A, sendo mediador de jogos, exercia funções de vice-presidente de operações e mediador duma sala de VIP do casino B. Em 2016, A foi suspeito de alcançar o dinheiro da companhia onde trabalhava e ausentou-se, portanto, ora se encontra em paradeiro desconhecido. Em 1 de Janeiro de 2016, A emitiu um cheque no montante de HKD$20.000.000,00 a favor da sociedade limitada C. Face à dívida resultante do cheque em apreço, C intentou no Tribunal Judicial de Base uma acção executiva contra A. D, ora cônjuge de A, intentou no TJB uma acção de separação de bens, como apenso do processo principal supracitado (acção executiva). Na acção de separação de bens, o TJB decidiu classificar a dívida resultante do cheque em causa como dívida comum dos cônjuges A e D, ordenando a inclusão dessa dívida na parte passiva da relação de bens. Inconformada com a decisão, D apontou que a dívida resultante do cheque não era aquela que foi presumida como dívida comercial, ao abrigo do art.º 81.º do Código Comercial, e também não foi contraída em proveito comum do casal, pelo que não seria aplicável a presunção das dívidas que responsabilizam ambos os cônjuges prevista na alínea d) do n.º 1 do art.º 1558.º do Código Civil. A par disso, D ainda assinalou que a impossibilidade do saque do cheque resultou do acto ilícito praticado por A, pelo que, nos termos do disposto na alínea b) do n.º 1 do art.º 1559.º do Código Civil, tal dívida deveria ser assumida, exclusivamente, por A. D interpôs recurso jurisdicional para o Tribunal de Segunda Instância contra a decisão que ordenou a inclusão da dívida na relação de bens.
O Tribunal Colectivo do TSI conheceu do caso.

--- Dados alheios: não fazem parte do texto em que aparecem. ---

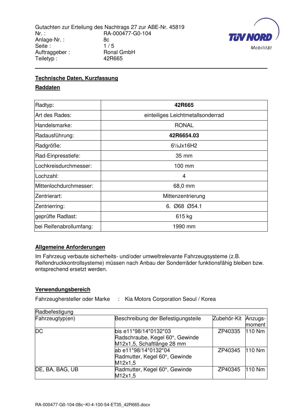 Diese Allgemeine Betriebserlaubnis (ABE) bezieht sich auf die Felge Ronal 42R665 in der Ausführung ET0 mit der KBA 45819. Eine ABE ist eine bauartspezifische Genehmigung, die der Hersteller beim Kraftfahrt-Bundesamt (KBA) erwirkt hat. Sie erlaubt die Verwendung der Felge an den im Dokument genannten Fahrzeugen ohne zusätzliche Einzelabnahme, solange sämtliche im Gutachten aufgeführten Auflagen eingehalten werden.

Conforme o Tribunal Colectivo, nos termos do disposto no art.º 1.º do Código Comercial, A, sendo mediador de jogos, deve ser considerado como empresário comercial. A emissão de cheque está preceituada nos artigos 1212.º e subsequentes do Código Comercial. Nos termos do disposto na alínea a) do n.º 1 do art.º 3.º do Código Comercial, a emissão de cheque é um acto de comércio, por ser prevista no Código Comercial. Ao abrigo do disposto no art.º 81.º do Código Comercial, a dívida comercial resultante do cheque em apreço presume-se contraída no exercício da empresa. Assim sendo, segundo a presunção prevista na alínea d) do n.º 1 do art.º 1558.º do Código Civil, a dívida em causa é assumida por ambos os cônjuges A e D. Se D pretender ilidir a aludida presunção, é indispensável provar que a dívida não foi contraída em proveito comum do casal, contudo, esta não conseguiu fornecer prova suficiente para demonstrar a situação supramencionada e convencer os Juízes a adoptarem a tese dela. Além do mais, mesmo que os factos em causa sejam provados no procedimento cautelar, nos termos do disposto no n.º 5 do art.º 328.º do Código de Processo Civil, isto não significa que, na acção principal, a parte seja dispensada do devido ónus da prova. In casu, D não só não efectuou nenhuma apresentação de prova para mostrar que a dívida em causa não foi contraída em proveito comum do casal, assim como não apresentou nenhuma prova que demonstrasse que a dívida resultou do acto ilícito.
Em face do exposto, acordaram no Tribunal Colectivo em negar provimento ao recurso.
Cfr. Acórdão proferido pelo Tribunal de Segunda Instância no processo n.º 755/2020.